His founder and CEO owns 70% of the company (he has been in charge since 1988), in May 2021, Ecoener went public on the Spanish stock market (BME Growth), raising around €100 MM (at €5.9) to fund its growth strategy, which has been very aggressive since then. In the last three years, they have nearly tripled their assets, expanded across several countries in LatAm, and begun their expansion into Europe, where they are starting construction in Greece at the end of 2025. The company currently has a market capitalisation of €200 MM.
As an IPP, Ecoener builds and owns its assets, which sets it apart from EPC companies which business is to build the plants to sell them thereafter.
These types of companies are characterized by high leverage, especially during expansion phases, as once in production, they have stable income for 20-25 years.
Today, we analyze in detail this interesting company, diversified, expanding, and with stable revenues.
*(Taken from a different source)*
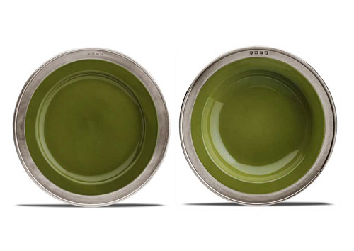 Convivio Green - Farfurie plata pentru cina, cu margini din aliaj metalic si ceramica verde. Design: Alberto Tabellini. Diametru: 27,5 cm. Pret: la cerere. Produs in: Italia.Convicio Green - Bol pentru supa sau paste, realizat din ceramica verde si aliaj metalic. Ideal alaturi de piesele colectiei Convicio Green. Diam. 24 cm. Pret: la cerere. Produs in: Italia.

To do so, we study all its operational and under-construction assets, its debt and management, and conduct a valuation of its shares.
Ecoener Assets and Strategy in detail
At previously stated, at the moment Ecoener has 341 MW in production and 399 MW in construction. Ecoener's renewable energy assets are spread across three main technologies: hydroelectric, wind, and solar PV. However, there are significant differences. Hydroelectric power was mainly developed in Galicia in the company's early years. Subsequently, there was a major investment in wind power in the Canary Islands (these assets have special regulated conditions). In the last two to three years, they have purely focused on the solar pipeline, as evidenced by the over 250MW between operation and construction in the Dominican Republic, for which they have signed 15years PPAs with spectacular conditions ($88/MWh) - The projects in the Dominican Republic have an EBITDA margin of 91%.
It is important to mention that in Spain, Ecoener sells the electricity generated by its assets on the spot market (Galician assets, Canary Island has a regulated regime), while in Latin America, it sells energy through power purchase agreements (PPAs).
Hydroelectric Assets
Ecoener has a total of 55 MW of hydroelectric assets, with the majority located in Spain (with the exception of 14.2 MW in Guatemala). These assets boast an average load factor of 34%, contributing significantly to the annual energy production.